● **Assignment**: Without including any picture, write out the entries exactly as they stand.

● **Task data**:
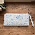 L字ファスナー長財布・ドイツ刺繍リボン(いちご×ブルー系花柄)
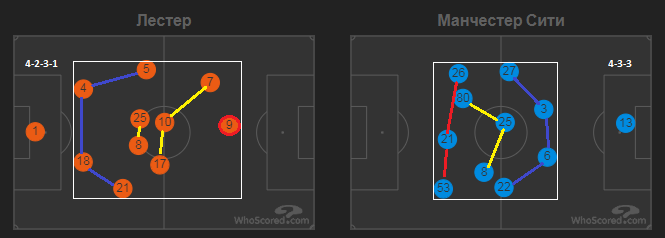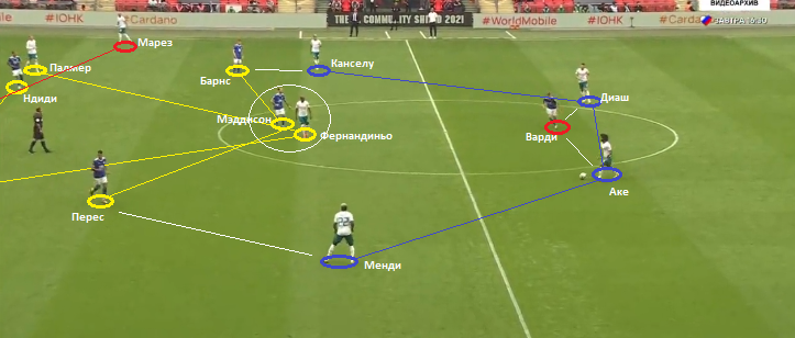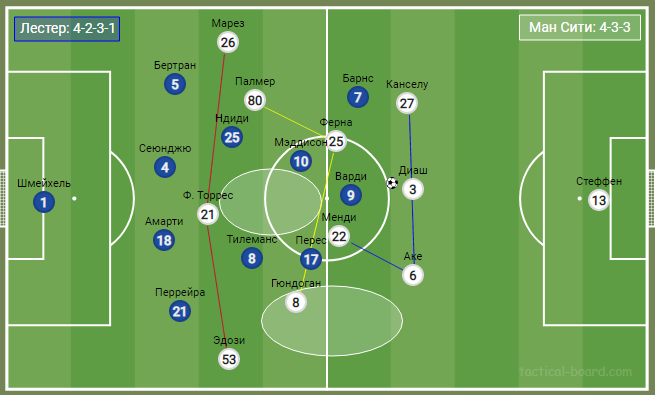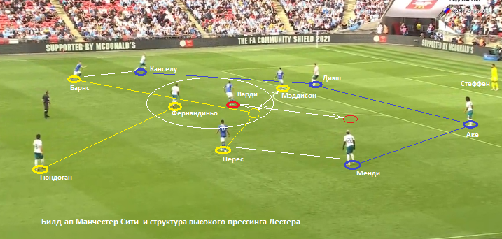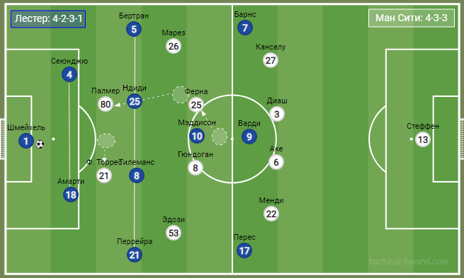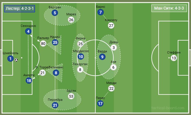 Перес и Барнс с зазором контролировали Менди и Канселу соответственно, а Мэддисон и Варди поочередно закрывали Фернандиньо и атаковали владеющего мячом центрбека Сити. При этом пара опорников Лестера держала в центре "восьмерок" Манчестера, а фулбеки отвечали за вингеров.
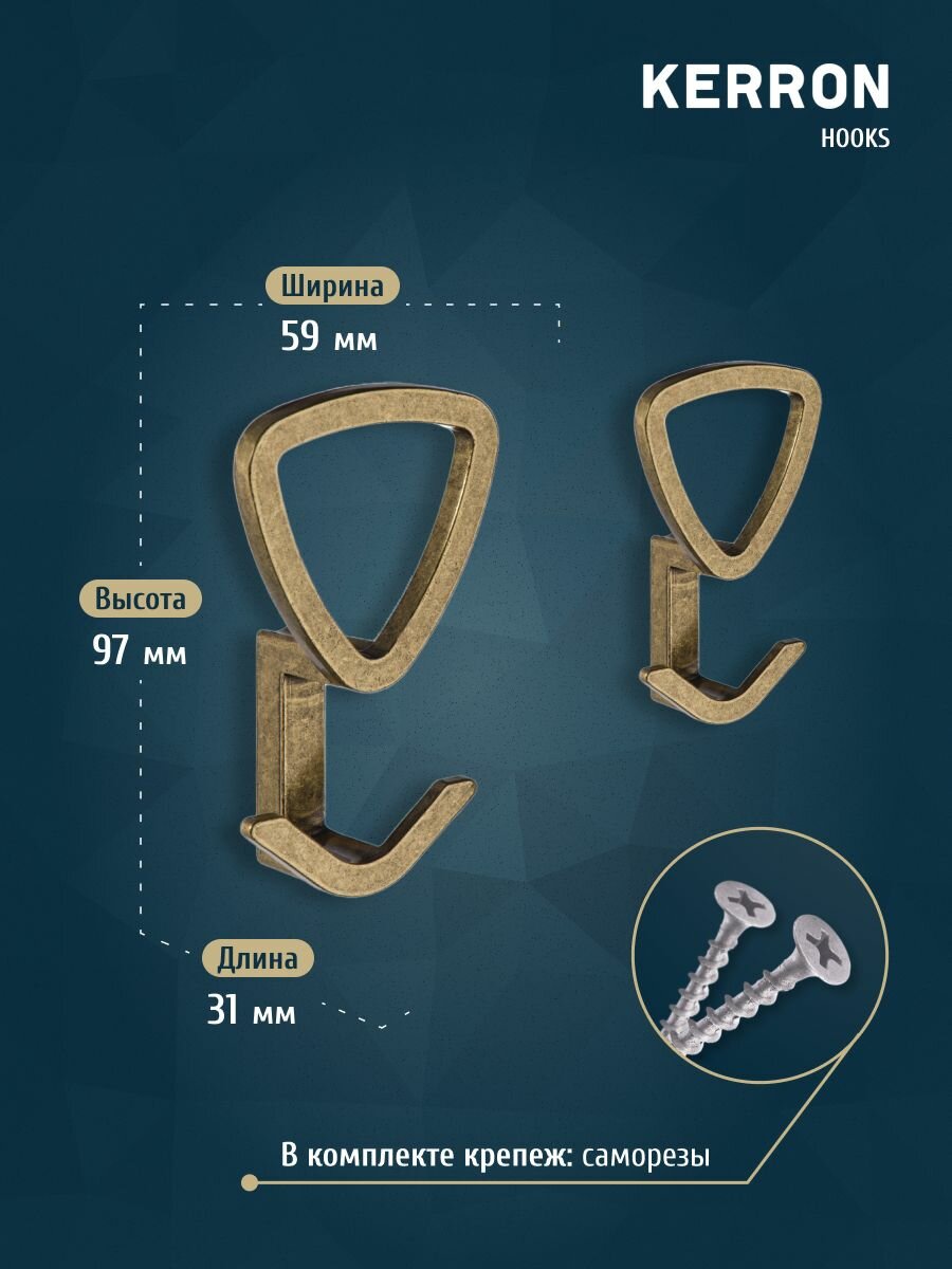 Крючок мебельный для одежды трехрожковый KERRON KR 0230 OAB, 5.9х9.7х3.1 см, материал цинк-алюминиевый сплав Zamak, цвет оксидированная бронза
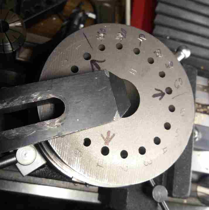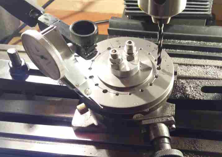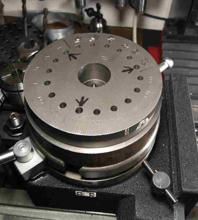 Měření osazení přípravku Dokončení přípravku Pak bylo nutné připravit vrtací otvory jako šablonu - bohužel jsem neuměl přesně odměřit tak jsem přípravek umístil na děličku vycentroval na 0,01 mm a vrtal po 0,2 poloměru po 20° viz obrázek.
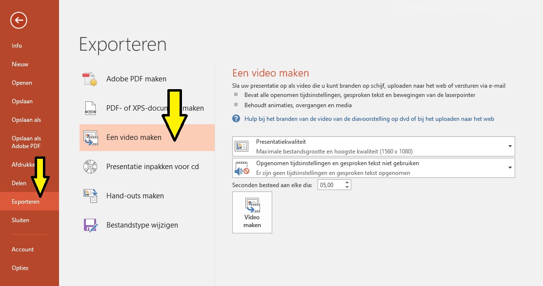 Ik bedacht opeens: je kunt ook heel makkelijk een video maken van je presentatie. Dat zit gewoon in PowerPoint.
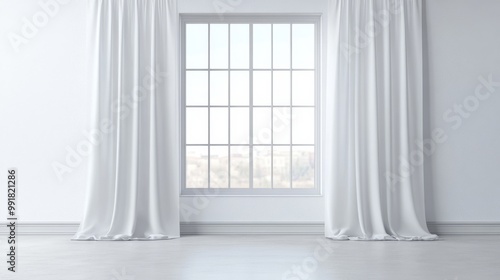 Minimalist White Room with Window and Curtains, 3D Rendering, Interior Design, White Room, Window Treatment, Minimalist Design
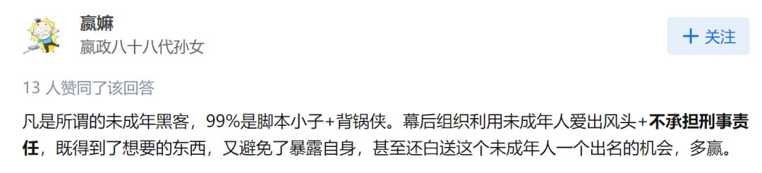 知乎网友@嬴嫲 说到,这些未成年黑客基本都是“脚本小子”和“背锅侠”,幕后组织利用未成年人爱出风头的劲儿,以及无需承担刑事责任的法律,不仅得到了想要的东西,还避免了暴露自身,甚至白送了未成年人出名的机会。
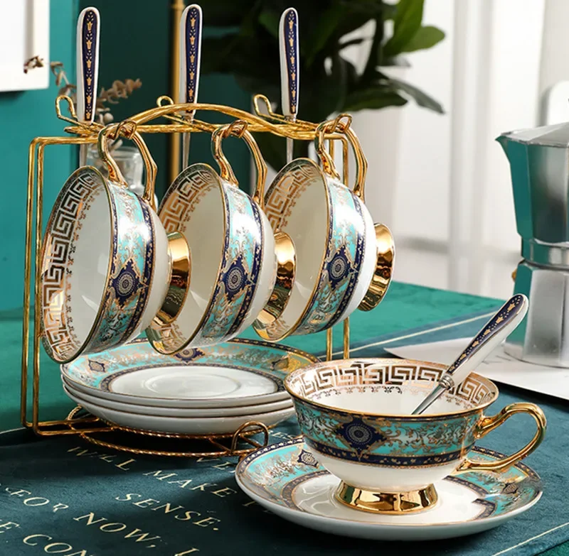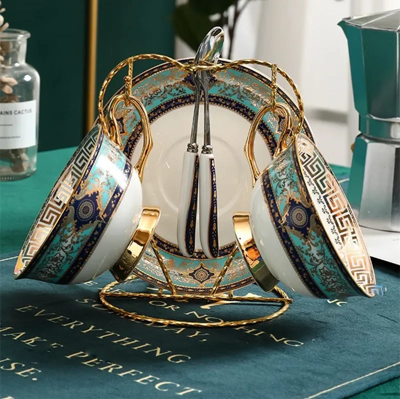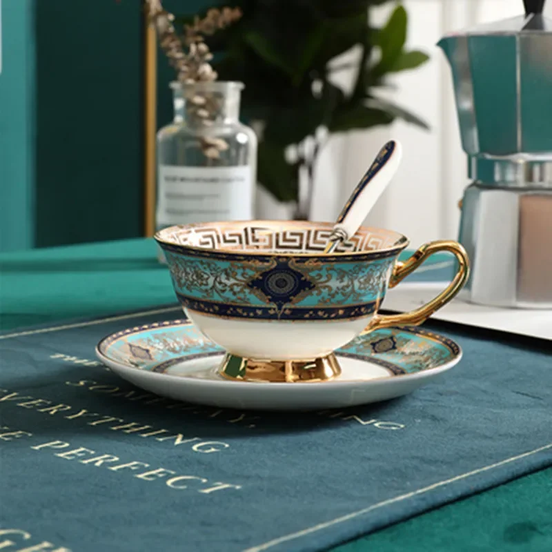 Classic Green Bone China Coffee Cup & Saucer Set – Luxury Porcelain Tea Set, Elegant Ceramic Drinkware
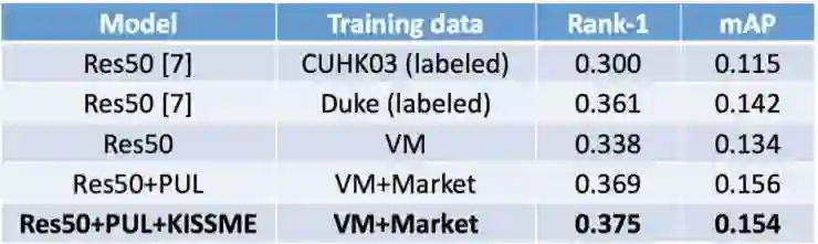 表 1. 行人重识别结果对比。Rank-1 和 mAP 都是越高越好。
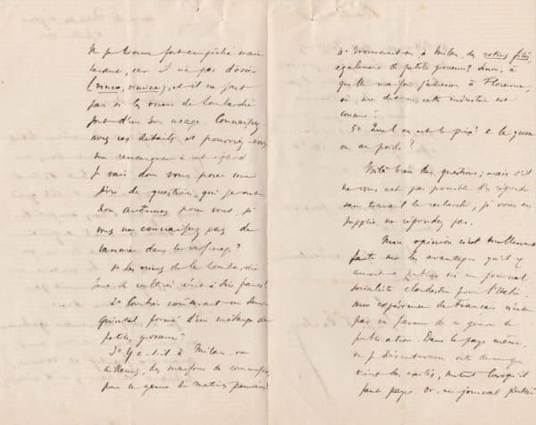 Très belle lettre sur les idées humanistes d’Elisée Reclus : « Dans ma dernière lettre je ne vous avais pas parlé du Congrès de Paris, car je n’espère pas grand-chose de ces petites « parlottes » bourgeoises où quelques avocats trouvent moyen d’utiliser à leur plus grande gloire leurs voyages de villégiature. L’idée me semble vraiment bizarre de vouloir confédérer l’Europe par la paix et par la liberté, alors qu’on ne veut pas donner satisfaction aux intérêts du plus grand nombre ! Comment arriver à niveler les frontières si l’on ne commence pas par faire parti de l’Internationale ? Contre les rois et les quatre ou cinq millions d’hommes armés, il faut autre chose que des discours. La persuasion n’entrera dans les esprits des maîtres que lorsqu’ils seront vaincus par la dure fatalité des choses, par le concours de tous ceux qui veulent la justice, non partielle, mais entière, égale pour tous et pour toutes. Vous comprenez donc pourquoi ces messieurs du congrès de la paix ne me disent rien qui vaille. Néanmoins je leur serai fort reconnaissant qu’ils amènent ici quelques bons amis ? Si leur venue devait, par exemple, vous décider à nous pousser une petite visite. Je crains de ne pas vous avoir remercié des renseignements que vous m’avez donnés sur les osiers de la Lombardie. Si je ne l’ai pas fait, excusez-moi et mettez le comble à votre complaisance en me disant si vous connaissez quelque négociant qui trafique en osiers. Un autre service : Quand la bibliothèque de Brême est elle fermée pour cause de vacances ? J’ai été sur le point d’aller à Milan avec ma femme, mais la crainte de trouver cet établissement fermé nous a fait retarder notre voyage. Peut-être qu’avec votre appui, je pourrais mettre la main sur quelque savant qui me fera autoriser à emprunter des livres à cette bibliothèque. Ce serait un précieux avantage pour moi …»

● **Result of this task**:
 L字ファスナー長財布・ドイツ刺繍リボン(いちご×ブルー系花柄)
 Перес и Барнс с зазором контролировали Менди и Канселу соответственно, а Мэддисон и Варди поочередно закрывали Фернандиньо и атаковали владеющего мячом центрбека Сити. При этом пара опорников Лестера держала в центре "восьмерок" Манчестера, а фулбеки отвечали за вингеров.
 Крючок мебельный для одежды трехрожковый KERRON KR 0230 OAB, 5.9х9.7х3.1 см, материал цинк-алюминиевый сплав Zamak, цвет оксидированная бронза
 Měření osazení přípravku Dokončení přípravku Pak bylo nutné připravit vrtací otvory jako šablonu - bohužel jsem neuměl přesně odměřit tak jsem přípravek umístil na děličku vycentroval na 0,01 mm a vrtal po 0,2 poloměru po 20° viz obrázek.
 Ik bedacht opeens: je kunt ook heel makkelijk een video maken van je presentatie. Dat zit gewoon in PowerPoint.
 Minimalist White Room with Window and Curtains, 3D Rendering, Interior Design, White Room, Window Treatment, Minimalist Design
 知乎网友@嬴嫲 说到,这些未成年黑客基本都是“脚本小子”和“背锅侠”,幕后组织利用未成年人爱出风头的劲儿,以及无需承担刑事责任的法律,不仅得到了想要的东西,还避免了暴露自身,甚至白送了未成年人出名的机会。
 Classic Green Bone China Coffee Cup & Saucer Set – Luxury Porcelain Tea Set, Elegant Ceramic Drinkware
 表 1. 行人重识别结果对比。Rank-1 和 mAP 都是越高越好。
 Très belle lettre sur les idées humanistes d’Elisée Reclus : « Dans ma dernière lettre je ne vous avais pas parlé du Congrès de Paris, car je n’espère pas grand-chose de ces petites « parlottes » bourgeoises où quelques avocats trouvent moyen d’utiliser à leur plus grande gloire leurs voyages de villégiature. L’idée me semble vraiment bizarre de vouloir confédérer l’Europe par la paix et par la liberté, alors qu’on ne veut pas donner satisfaction aux intérêts du plus grand nombre ! Comment arriver à niveler les frontières si l’on ne commence pas par faire parti de l’Internationale ? Contre les rois et les quatre ou cinq millions d’hommes armés, il faut autre chose que des discours. La persuasion n’entrera dans les esprits des maîtres que lorsqu’ils seront vaincus par la dure fatalité des choses, par le concours de tous ceux qui veulent la justice, non partielle, mais entière, égale pour tous et pour toutes. Vous comprenez donc pourquoi ces messieurs du congrès de la paix ne me disent rien qui vaille. Néanmoins je leur serai fort reconnaissant qu’ils amènent ici quelques bons amis ? Si leur venue devait, par exemple, vous décider à nous pousser une petite visite. Je crains de ne pas vous avoir remercié des renseignements que vous m’avez donnés sur les osiers de la Lombardie. Si je ne l’ai pas fait, excusez-moi et mettez le comble à votre complaisance en me disant si vous connaissez quelque négociant qui trafique en osiers. Un autre service : Quand la bibliothèque de Brême est elle fermée pour cause de vacances ? J’ai été sur le point d’aller à Milan avec ma femme, mais la crainte de trouver cet établissement fermé nous a fait retarder notre voyage. Peut-être qu’avec votre appui, je pourrais mettre la main sur quelque savant qui me fera autoriser à emprunter des livres à cette bibliothèque. Ce serait un précieux avantage pour moi …»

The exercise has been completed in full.